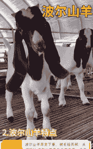波尔山羊体型较大,耳朵长而下垂,毛色以白色为主,面部有黑色斑纹,肌肉发达。
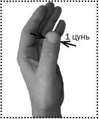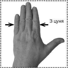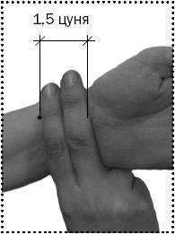 На атласах активные точки наносятся с соблюдением этого самого индивидуального цуня – не сантиметра, не вершка, а величины ногтевого ложа нашего с вами большого пальца. Если большой палец какой-либо руки слишком хорошо развит в силу рода занятий (в старину такое случалось с левым пальцем у прях, тянущих из кудели нить), используйте для пропорций менее развитый палец – он надежней сохраняет природные пропорции. На фото 2, а показано, каким участком большого пальца отмеряют 1 цунь. А четыре пальца, сложенных вместе, составляют 3 цуня (фото 2, б). Указательный и средний палец в сумме дают 1,5 цуня (фото 2, в).
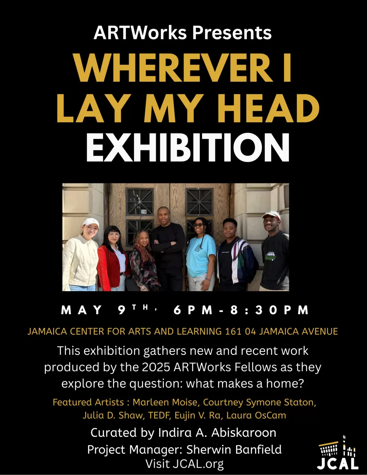 Join us for the highly anticipated opening of Wherever I Lay My Head. The group show is the culminating exhibition for JCAL's ARTWorks Fellows. The exhibition is curated by Indira A. Abiskaroon.
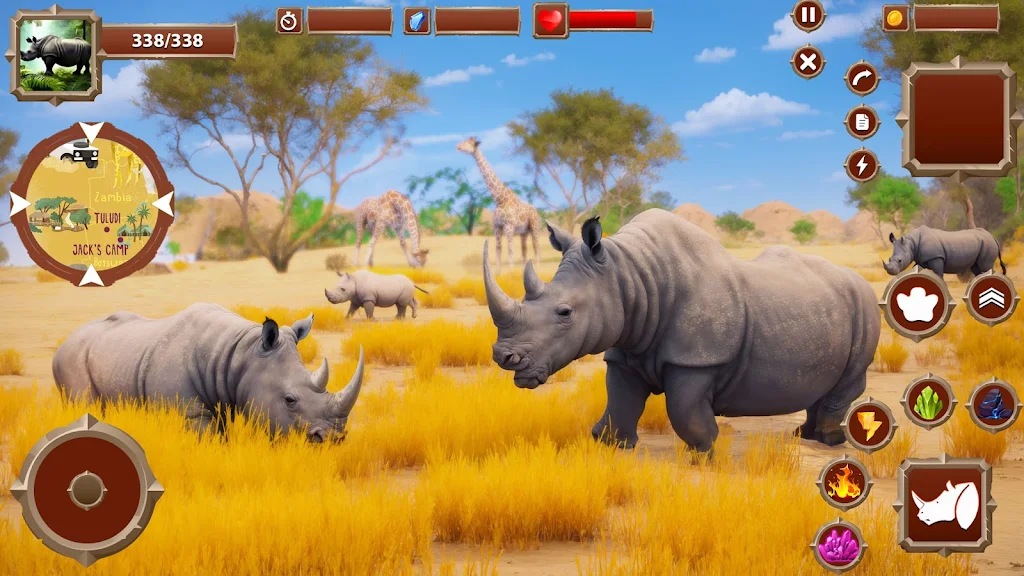 Step into the powerful hooves of a rhinoceros and explore an immersive wild jungle in this action-packed Wild Rhino Survival Simulator. Dive into animal games that blend open-world exploration, wildlife survival, and realistic safari encounters. Navigate vast landscapes, forage for fresh grass, and face predators in a dynamic world perfect for fans of animal survival games and adventure simulation titles.
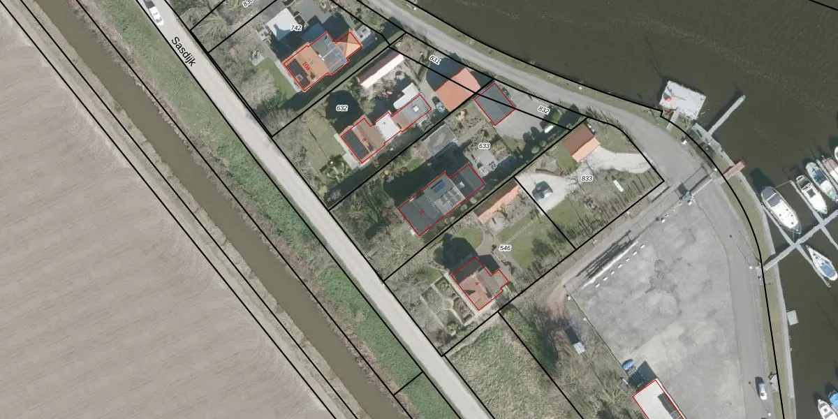 Het perceel waarop Sasdijk 6 staat heeft een oppervlakte van 1080 m². Dit is een zeer groot perceel. De perceeloppervlakte wordt geregistreerd door het Kadaster. Gedetailleerde informatie over de maten van dit perceel kunt u vinden in het rapport Kadastrale kaart met maatvoering van Sasdijk 6.
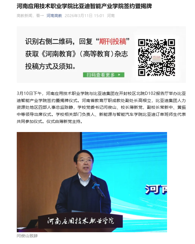 3月10日下午,河南应用技术职业学院与比亚迪集团在开封校区北院D102报告厅举办比亚迪智能产业学院签约暨揭牌仪式。河南省教育厅职成教处副处长高根立,比亚迪集团人力资源处地区四部人事总监陈静,学校党委书记闫俊山、校长薄新党,副校长常新中、黄振中等领导出席仪式。学校相关部门负责人、新能源与智能汽车学院比亚迪订单班师生代表共同参加仪式。仪式由薄新党主持。
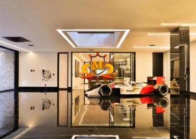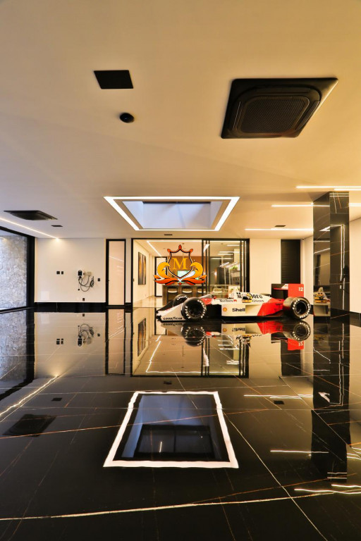 Ampla garagem com 15 vagas, sistema de som integrado, climatizada e automatizada, contendo uma base giratória para exposição de auto e facilitando manobras, com 02 carregadores elétricos veiculares,
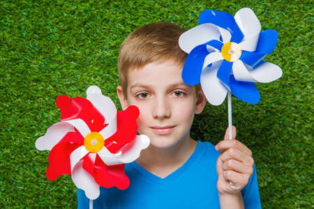 Smiling boy holding pinwheels over grass close up
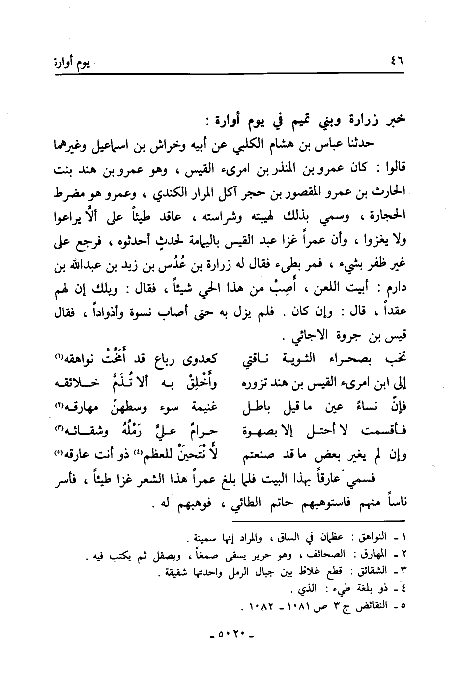 حَدَّثَنَا عَبَّاس بْن هشام الكلبي عن أَبِيهِ وخراش بْن إِسْمَاعِيل وغيرهما قَالُوا: كان عمرو بْن المنذر بْن امرئ القيس، وهو عمرو بْن هند بِنْت الْحَارِث بْن عمرو المقصور بن حجر آكل المرار الكندي، وعمرو هُوَ مضرط الحجارة، وسمي بِذَلِك لهيبته وشراسته، عاقد طيئًا على ألّا يراعوا ولا يغزوا، وأن عمرًا غزا عَبْد القيس باليمامة لحدث أحدثوه، فرجع على غير ظفر بشيء، فمر بطيء فقال له زرارة بْن عُدُس بْن زَيْد بْن عَبْدِ اللَّهِ بْن دارم: أبيت اللعن، أصب من هَذَا الحي شيئًا، فقال: ويلك إن لهم عقدًا، قال: وإن كان. فلم يزل به حَتَّى أصاب نسوة وأذوادًا، فقال قَيْس بْن جروة الأجائي.
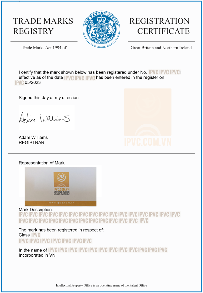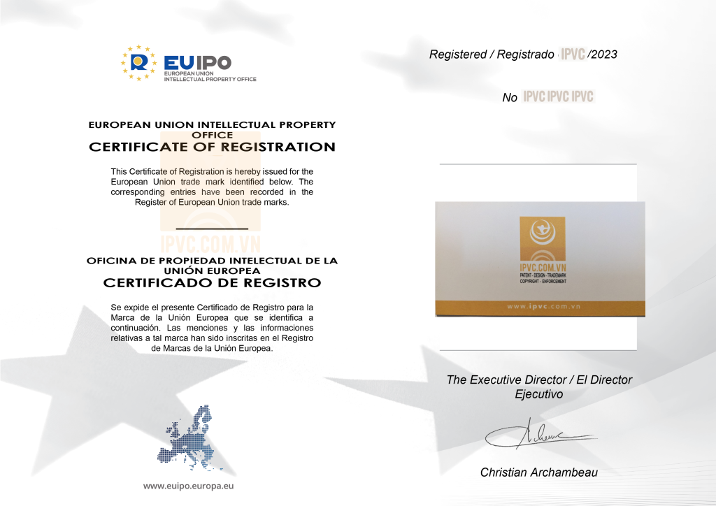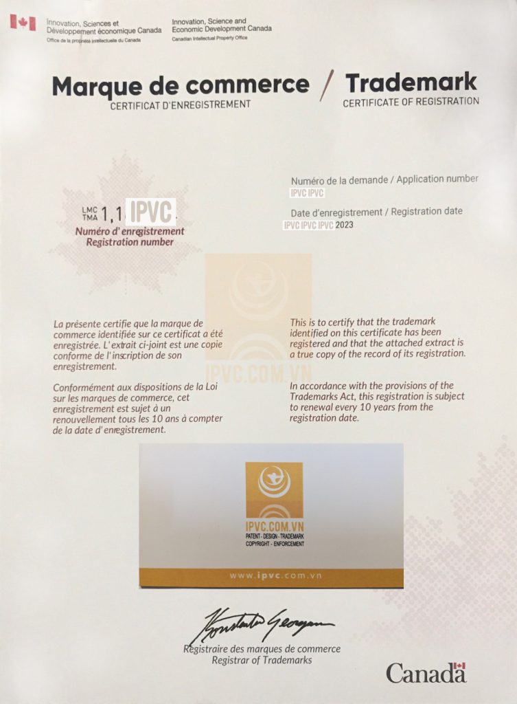 Dưới đây là một số hình ảnh văn bằng bảo hộ nhãn hiệu tại một số quốc gia mà IPVC đã hỗ trợ khách hàng được cấp trong thời gian gần đây:
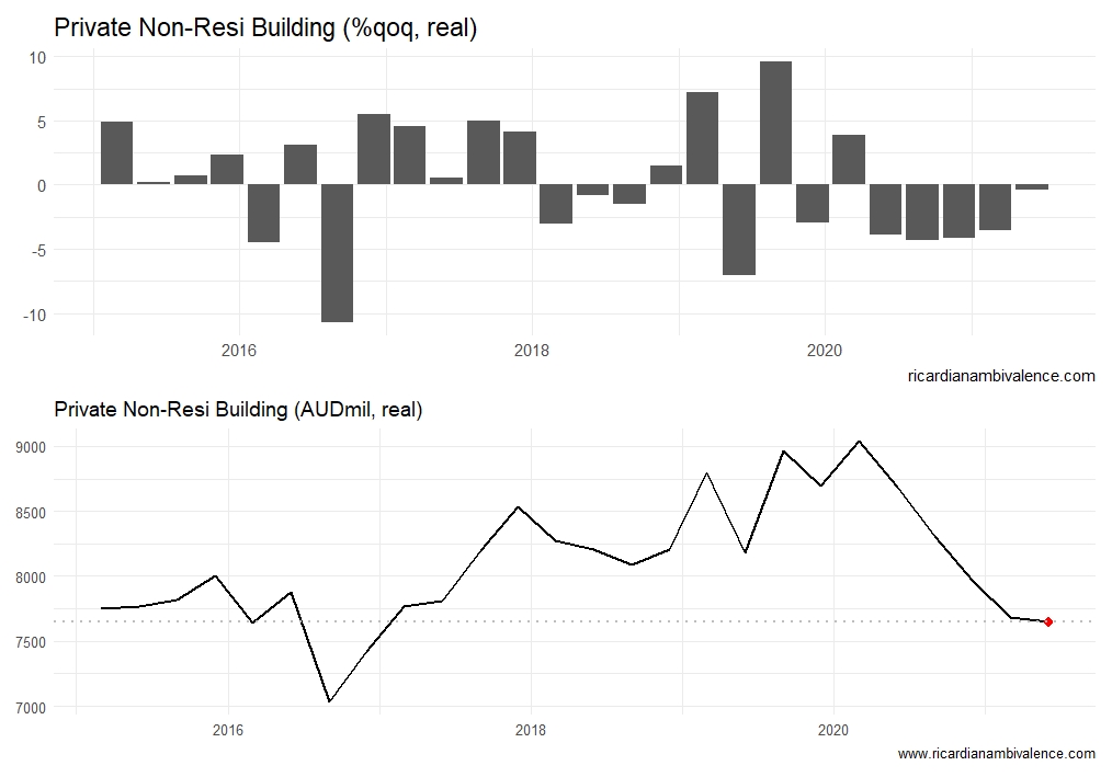 The ongoing decline of Private non-Resi building makes growth of Private Business Investment seem like a stretch. Private non-Resi building continued its decline in the Q2 CWD release, shrinking by another 0.4%qoq. Other components of Capex might offset (and at times the Capex measure is notably different to the CWD measure) — but the prospect of private business making up for the weakness in Dwelling construction seems dim.
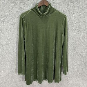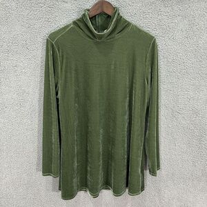 Soft Surroundings womens blouse large green turtleneck tunic shimmer long sleeve
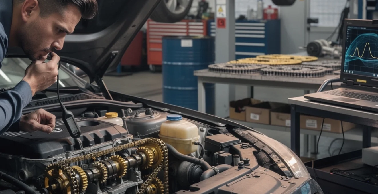 Le premier outil de diagnostic reste votre oreille. Un bruit de chaîne de distribution qui inquiète se manifeste le plus souvent par un cliquetis métallique régulier, perceptible au ralenti, surtout à froid. Ce cliquetis suit le régime moteur : plus vous accélérez, plus la fréquence des coups s’accélère, comme un métronome qui s’emballe.
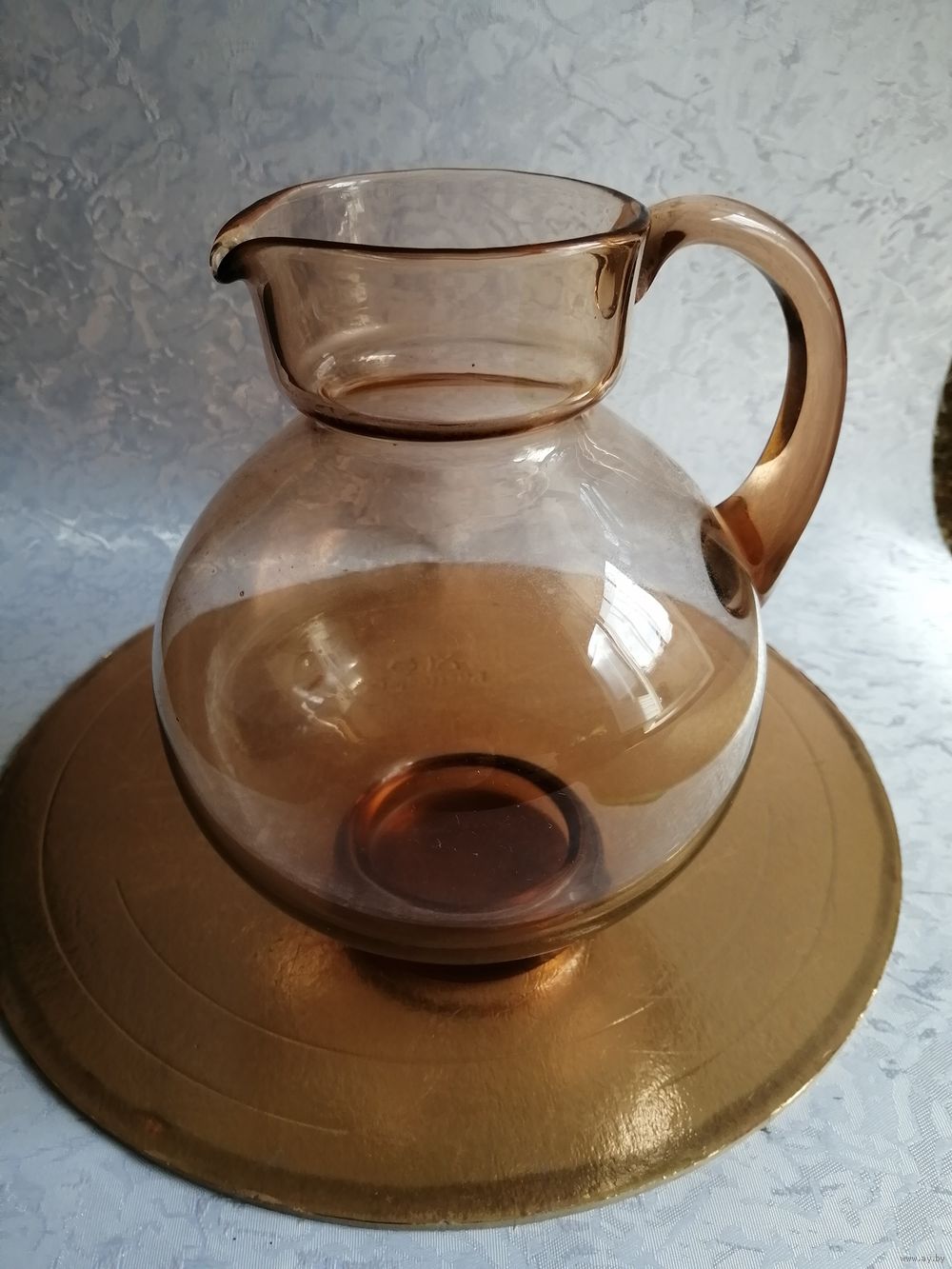 Цвет КАРАМЕЛЬ, стекло ЯНТАРНОЕ, форма прекрасная, обьём 1.5л, состояние прекрасное, для прохладительных напитков, воды, соков и домашнего холодненького кваса.... ОПЛАТА НА КАРТУ, ВЫСЫЛАЮ ЛЮБОЙ ПОЧТОЙ В ДЕНЬ ОПЛАТЫ. НАЛОЖЕННЫМ НЕ ОТПРАВЛЯЮ, ИЗВИНИТЕ... СМОТРИТЕ МОИ ЛОТЫ. СПАСИБО
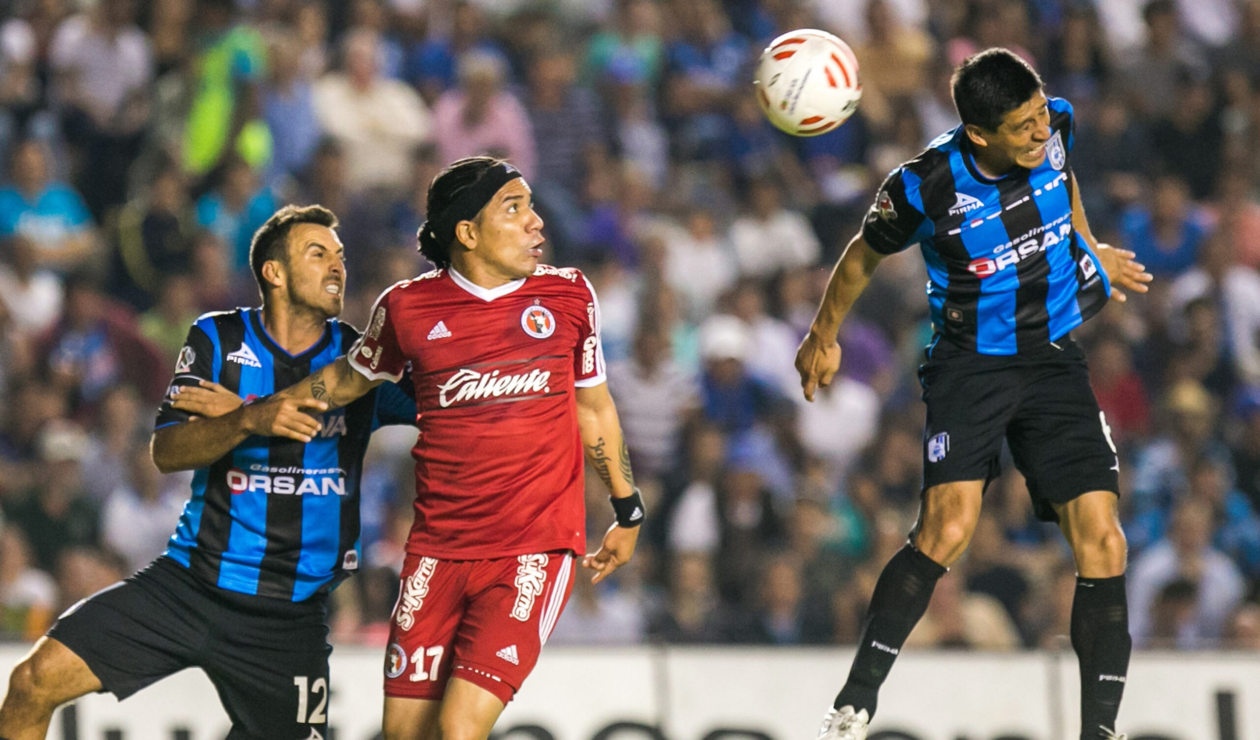 Action photo during the match Queretaro vs Tijuana, corresponding to the round 13 of Clausura 2015 League BBVA Bancomer MX , in the photo : (I)-(D), Jonathan Bornstein of Queretaro, Dayro Moreno of Tijuana and Ricardo Osorio of Queretaro Foto de accion durante el partido Queretaro vs Tijuana , correspondiente a la ronda 13 del Torneo Clausura 2015 de la Liga BBVA Bancomer MX , en la foto : (I)-(D), Jonathan Bornstein de Queretaro, Dayro Moreno de Tijuana y Ricardo Osorio de Queretaro 10/04/2015/MEXSPORT/Emiliano. Estadio: La Corregidora de Queretaro
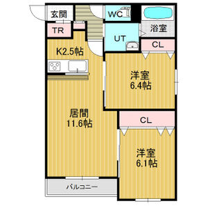 L11.6 × K2.5 × 洋室6.4 × 洋室6.1 - 階数
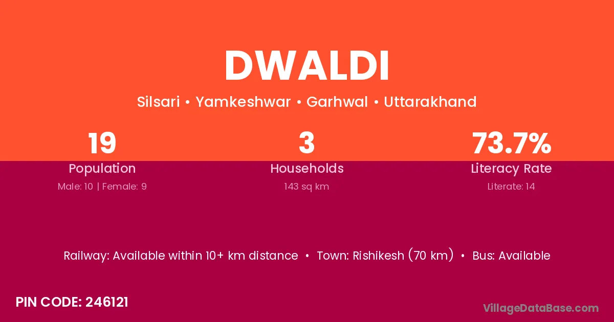 According to Census 2011 information, the village code of Dwaldi village is 246121.
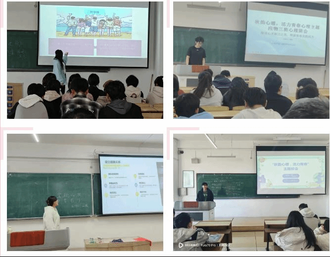 自动化学院积极开展“秋韵心暖,活力青春”心理健康教育主题班会活动,通过传播⼼理健康知识,提高学生的获得感、幸福感。同时增强大学生克服困难、经受考验、承受挫折的能力和团体意识。此次活动各班级积极宣传心理健康知识和拥有健康心理的意义,同时扩大心理咨询的影响,让同学们正视心理问题,注重心理健康。
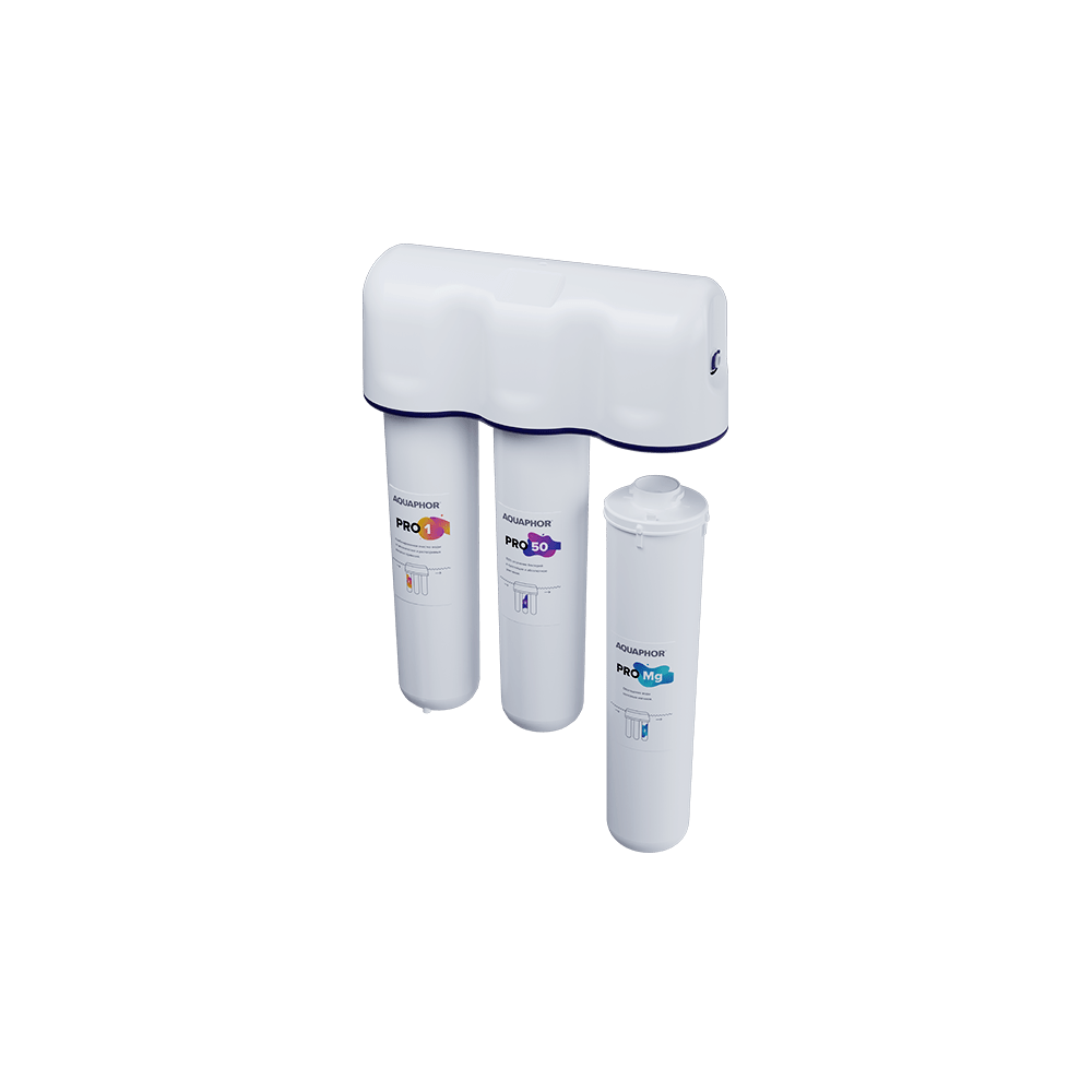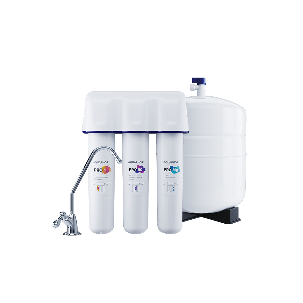 System odwróconej osmozy z kompaktowym zbiornikiem i innowacyjnymi wkładami serii Pro. Wkład wstępny Pro 1 2w1 do usuwania zanieczyszczeń mechanicznych o zwiększonej skuteczności filtracji zastępuje dwa wkłady wstępne stosowane w poprzedniej generacji serii filtrów AQUAPHOR Osmo Pro 50 zawiera membranę RO, która bardzo dokładnie usuwa z wody nawet najbardziej niebezpieczne zanieczyszczenia, w tym wszelkie substancje toksyczne, bakterie i wirusy. PRO M odpowiada za końcowe uzdatnianie i remineralizację wody.
══════════
▶ _WORK INSTRUCTION_: Using the data above, retype exactly the lines from the line with "Dưới đây là" to the line with "According to Census", inclusive. No pictures and nothing else.

▶ _RESPONSE TO THIS EXERCISE_:
 Dưới đây là một số hình ảnh văn bằng bảo hộ nhãn hiệu tại một số quốc gia mà IPVC đã hỗ trợ khách hàng được cấp trong thời gian gần đây:
 The ongoing decline of Private non-Resi building makes growth of Private Business Investment seem like a stretch. Private non-Resi building continued its decline in the Q2 CWD release, shrinking by another 0.4%qoq. Other components of Capex might offset (and at times the Capex measure is notably different to the CWD measure) — but the prospect of private business making up for the weakness in Dwelling construction seems dim.
 Soft Surroundings womens blouse large green turtleneck tunic shimmer long sleeve
 Le premier outil de diagnostic reste votre oreille. Un bruit de chaîne de distribution qui inquiète se manifeste le plus souvent par un cliquetis métallique régulier, perceptible au ralenti, surtout à froid. Ce cliquetis suit le régime moteur : plus vous accélérez, plus la fréquence des coups s’accélère, comme un métronome qui s’emballe.
 Цвет КАРАМЕЛЬ, стекло ЯНТАРНОЕ, форма прекрасная, обьём 1.5л, состояние прекрасное, для прохладительных напитков, воды, соков и домашнего холодненького кваса.... ОПЛАТА НА КАРТУ, ВЫСЫЛАЮ ЛЮБОЙ ПОЧТОЙ В ДЕНЬ ОПЛАТЫ. НАЛОЖЕННЫМ НЕ ОТПРАВЛЯЮ, ИЗВИНИТЕ... СМОТРИТЕ МОИ ЛОТЫ. СПАСИБО
 Action photo during the match Queretaro vs Tijuana, corresponding to the round 13 of Clausura 2015 League BBVA Bancomer MX , in the photo : (I)-(D), Jonathan Bornstein of Queretaro, Dayro Moreno of Tijuana and Ricardo Osorio of Queretaro Foto de accion durante el partido Queretaro vs Tijuana , correspondiente a la ronda 13 del Torneo Clausura 2015 de la Liga BBVA Bancomer MX , en la foto : (I)-(D), Jonathan Bornstein de Queretaro, Dayro Moreno de Tijuana y Ricardo Osorio de Queretaro 10/04/2015/MEXSPORT/Emiliano. Estadio: La Corregidora de Queretaro
 L11.6 × K2.5 × 洋室6.4 × 洋室6.1 - 階数
 According to Census 2011 information, the village code of Dwaldi village is 246121.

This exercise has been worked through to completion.